Das 1ste MSI würde ich nehmen  *


----------



## Skillar (15. September 2013)

*AW: Gaming Notebook bis 1400€*



> Mein Budget war auch 1400 Euro. Habe mit bei one.de das k56-3n bestellt - Veränderungen bei mir waren eine radeon hd 8970m, eine 128GB SSD, mehr Arbeitsspeicher und Windows 8. damit bist du bei etwa 1300 Euro.
> Der Laptop kommt nächste Woche dann kann ich dir einen Erfahrungsbericht geben - finde aber der klingt nicht schlecht - mein Ziel war bf4zumindest auf max spielen zu können


Sorry Gurke, wird definitiv nicht klappen. 

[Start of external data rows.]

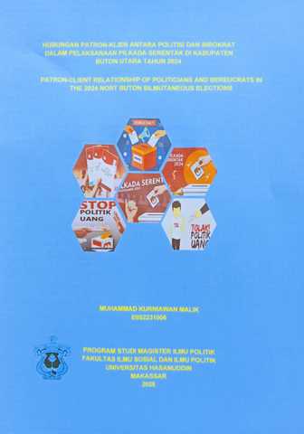 MALIK, MUHAMMAD KURNIAWAN (2025) Hubungan patron-klien antara politisi dan birokrat dalam pelaksanaan pilkada serentak di kabupaten buton utara tahun 2024 = Patron-client relationship between politicians and bureaucrats in the implementation of simultaneous regional elections in North Buton Regency 2024. Thesis thesis, Universitas Hasanuddin.
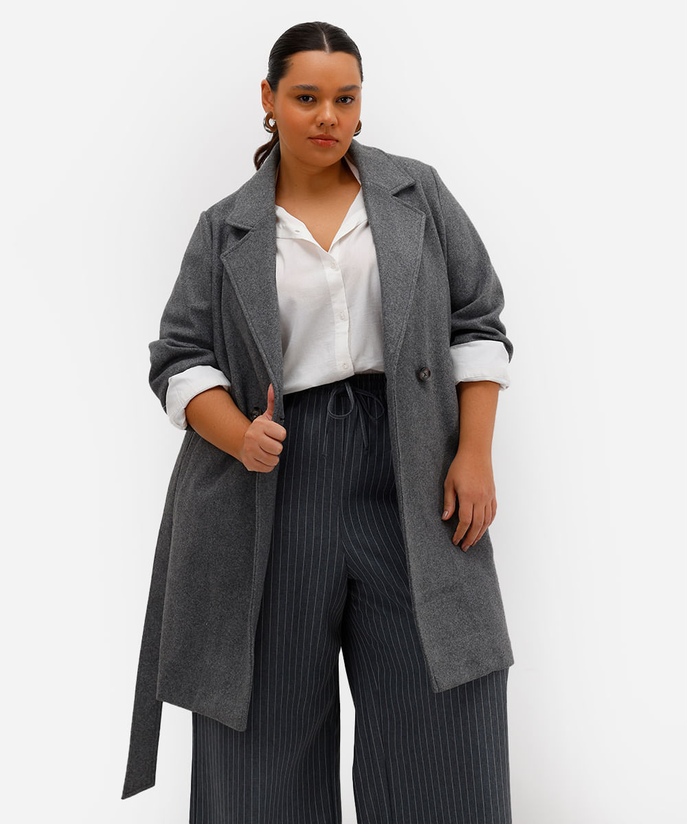 trench coat feminino texturizado plus size cinza
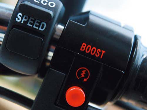 | .「瞬間加速系統,Boost」、「定速巡航裝置」、「Eco/Speed」均位於油門把手之上,凡與速度有關的系統通通在這裡!清楚易懂 |
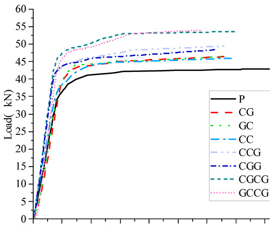 We designed control specimens with the same number of CFRP reinforcement layers and different GFRP reinforcement layers to study the improvement of GFRP reinforcement layers on the bending performance of corroded I-shaped steel beams. Compare and analyze the load-displacement curves of CC, CCG, CGCG, and GCCG, as shown in Figure 5.
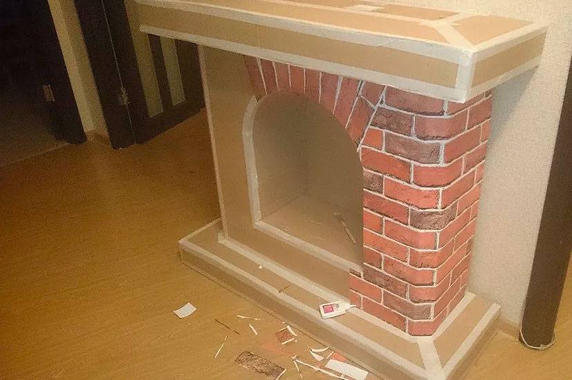 Если вам недосуг вырезать сотни кирпичиков, обратите свой взор на строительные магазины. Там есть плиты, имитирующие кирпичную кладку. Вы можете «повторить» на них «выкройку» камина и обклеить сразу и быстро все изделие. Не забудьте обработать места стыков либо затиркой похожего цвета, либо просто вооружившись кисточкой и краской нужного оттенка.
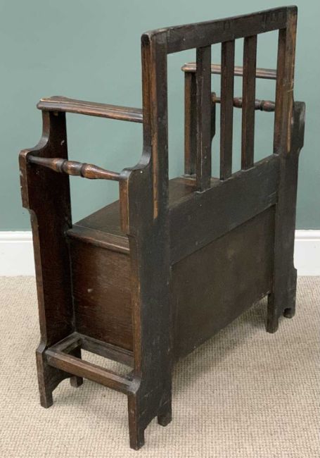 TWO FARMHOUSE CHAIRS & EDWARDIAN OAK BOX SEAT SETTLE having a single seat, 96 (h) x 82 (w) x 34cmsProvenance: private collection Conwy
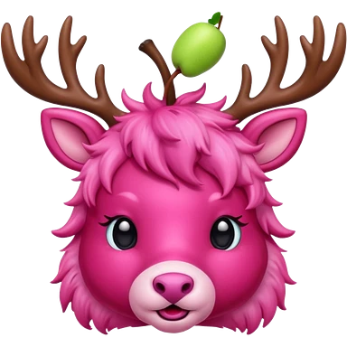 cute pink deer with apple on head emoji | AI Emoji Generator
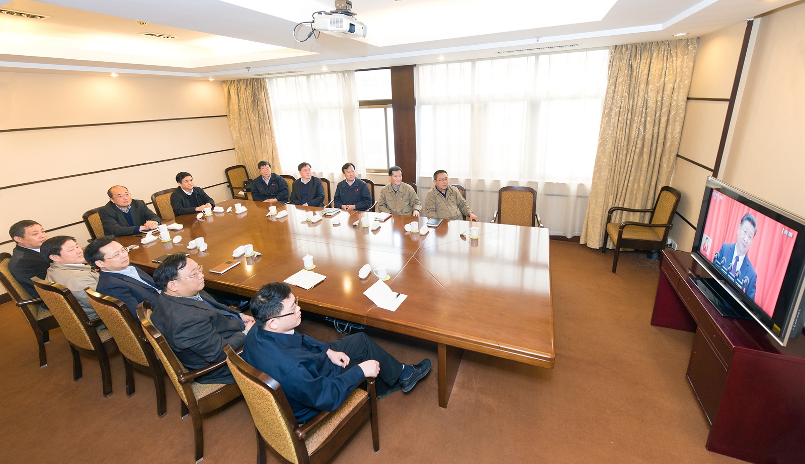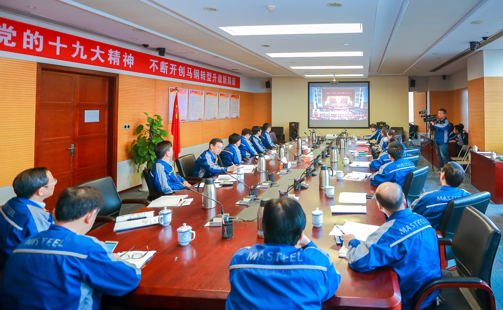 安鋼集團公司領導班子在認真收看十九大盛況。(特約通訊員 殷海民 攝)
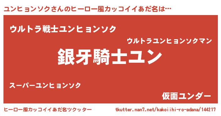 | 女子向けラノベタイトル風あだ名 | 『ユンヒョンソクの卵を拾いまして』 |
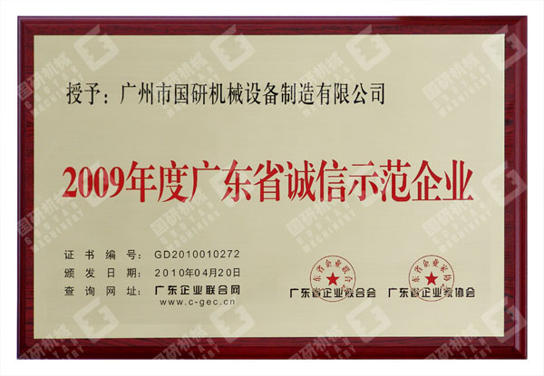 此次被评为“2009年度广东省诚信示范企业”,是对「B体育」机械的一次巨大鼓舞和鞭策。「B体育」机械将再接再厉,以“诚信经营”作为企业生存之本,忠实履行企业经济责任与社会责任,做用户最信赖的企业,为社会提供最优质的产品与服务。
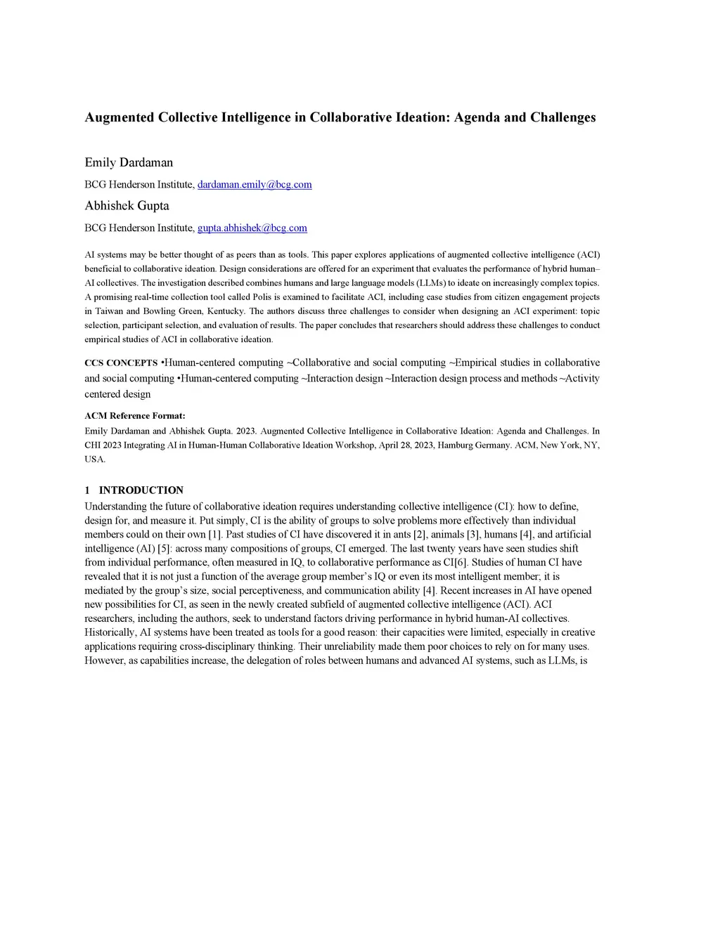 AI systems may be better thought of as peers than as tools. This paper explores applications of augmented collective intelligence (ACI) beneficial to collaborative ideation. Design considerations are offered for an experiment that evaluates the performance of hybrid human- AI collectives. The investigation described combines humans and large language models (LLMs) to ideate on increasingly complex topics. A promising real-time collection tool called Polis is examined to facilitate ACI, including case studies from citizen engagement projects in Taiwan and Bowling Green, Kentucky. The authors discuss three challenges to consider when designing an ACI experiment: topic selection, participant selection, and evaluation of results. The paper concludes that researchers should address these challenges to conduct empirical studies of ACI in collaborative ideation.
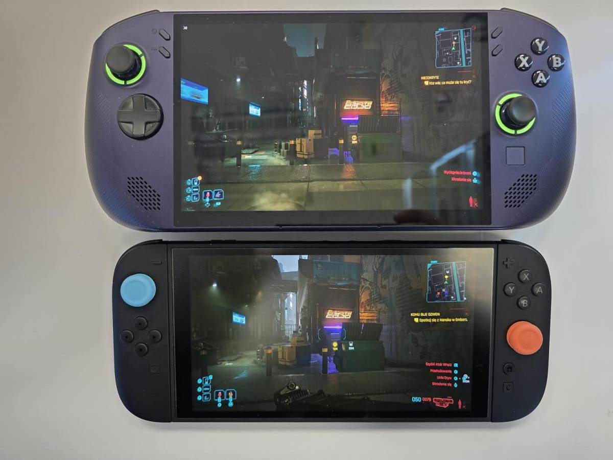Żeby nie być gołosłownym, zestawiłem oba sprzęty obok siebie w dwóch potężnych tytułach AAA: Cyberpunk 2077 oraz Assassin’s Creed Shadows. Jak możecie zobaczyć na załączonych zdjęciach porównawczych, przewaga technologiczna Legion Go S jest widoczna gołym okiem. Na Lenovo dostajemy wyższą rozdzielczość, ostrzejsze tekstury, lepsze cieniowanie i detale, które na Switchu 2 musiały pójść pod nóż optymalizatora. Legion potrafi wygenerować obraz, który na 8-calowym ekranie po prostu opada szczękę.
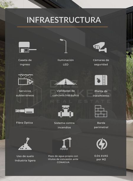 Elaborado con una infraestructura de primer categoría, como luz led, pozo de agua propio, planta de tratamiento, sistema contra incendios y seguridad privada.
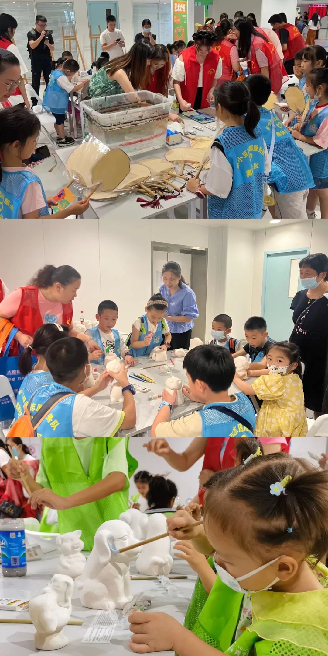 活动旨在结合公司特色,通过艺术与医学的融合,让身体与心灵同时获得疗愈。展会现场设置 “艺术科普”、“艺术交互”、“艺术互动”、“艺术疗愈”四个板块。其中,“艺术科普”板块为员工志愿者通过绘画、剪纸等艺术形式对汉字、昆虫、十二生肖等知识进行科普;“艺术交互”板块为员工志愿者通过电脑交互软件设置了体感互动;“艺术互动”板块设置了情绪解压和解密眼病两个互动项目,在员工志愿者的引导下,供观众亲身互动体验;“艺术疗愈”板块则设置了陶瓷艺术疗愈和漂流漆扇艺术疗愈等两个参与性艺术活动,观众可以在公司老师、员工的指导下在这里亲手为陶瓷和漂流漆扇上色。
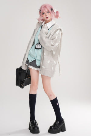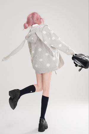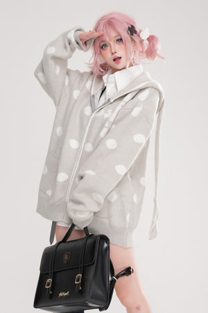 Kawaii Polka Dot Bunny Ear Hooded Sweater
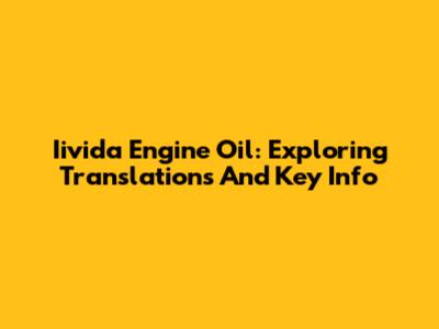 Iivida Engine Oil: Exploring Translations And Key Info
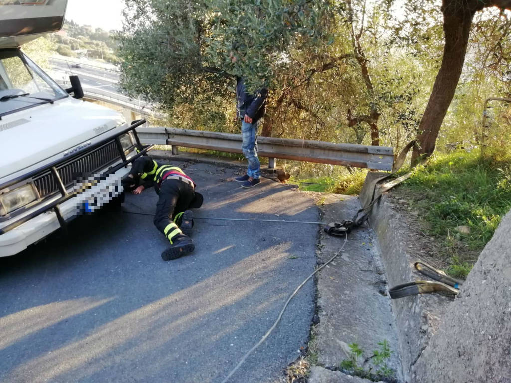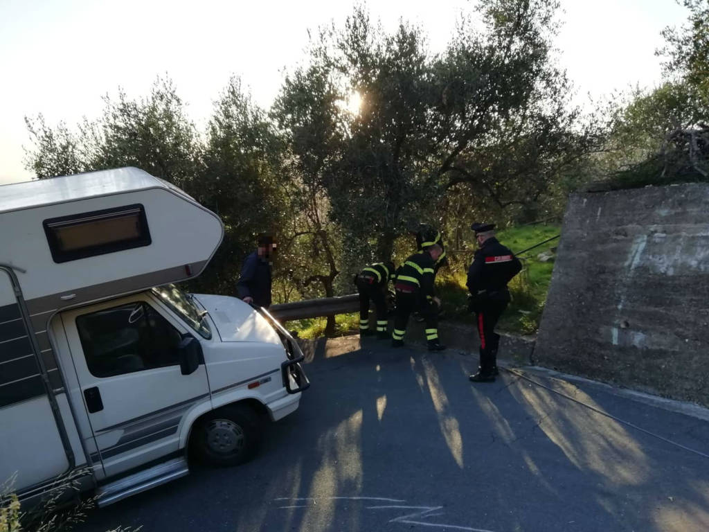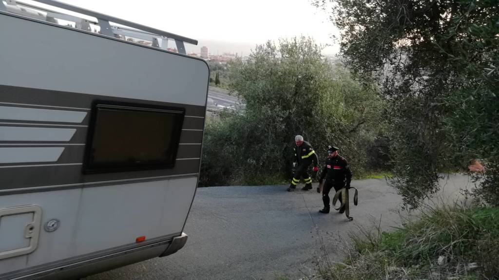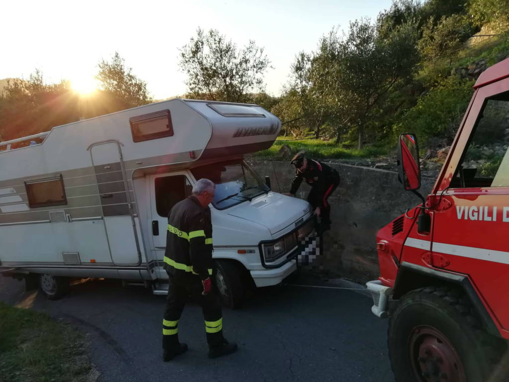 Particolarmente complesse le operazioni di recupero del mezzo. I Vigili del Fuoco hanno dovuto verricellare il mezzo tramite l’ausilio di una fascia attaccata ad un albero, per allargare la curva. Successivamente il camper è stato fatto sterzare e trainato in salita sino ad una zona pianeggiante. L’intervento è durato circa un’ora.
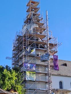 Immer wieder bleiben Passanten stehen und schauen auf das hohe Gerüst am Turm der Münsterer evangelischen Kirche. Dringend notwendig, so Kirchenvorstandsvorsitzender Otto Hofmann, war die Sanierung des Daches des Kirchturms. An zahlreichen Stellen waren Undichtigkeiten aufgetreten, Wasser drang ein in den Turm, gefährdete das Mauerwerk, aber auch Uhrwerk und Glockenanlage.

Ich würde letztlich zum Samsung Chronos tendieren, da es ein relativ gutes Gesamtpaket liefert.


----------



## GuruGurke (15. September 2013)

*AW: Gaming Notebook bis 1400€*

Was sollte nicht klappen? 0.o bf4 auf max? Ich denke schon - nicht auf Ultra aber auf max


----------



## iTzZent (15. September 2013)

*AW: Gaming Notebook bis 1400€*

Das denke ich auch... Ich spiele mit meiner GTX570M BF3 schon auf Ultra ohne AA in FullHD... und bei BF4 wird sich da grafisch nicht viel mehr gemacht haben...


----------



## xpSyk (15. September 2013)

*AW: Gaming Notebook bis 1400€*



GuruGurke schrieb:


> Was sollte nicht klappen? 0.o bf4 auf max? Ich denke schon - nicht auf Ultra aber auf max


 
  "nicht auf Ultra aber auf max" Nicht ja, aber wenigstens nein! 

PS: mit ner 780M/8970M sollte BF4 Maxed-out. mit FXAA drin sein.


----------



## Jeanboy (16. September 2013)

*AW: Gaming Notebook bis 1400€*

Was spricht jetzt nochmal gegen einen Office Notebook für ~400 Euro 
und einem Gaming PC für 1000 Euro?

Das wäre deutlich perfomanter


----------



## Icedaft (16. September 2013)

*AW: Gaming Notebook bis 1400€*

Das hatten wir(ich) schon, da ist der "Nerdfaktor" und Wertverlust nach 1 Jahr nicht hoch genug.....


----------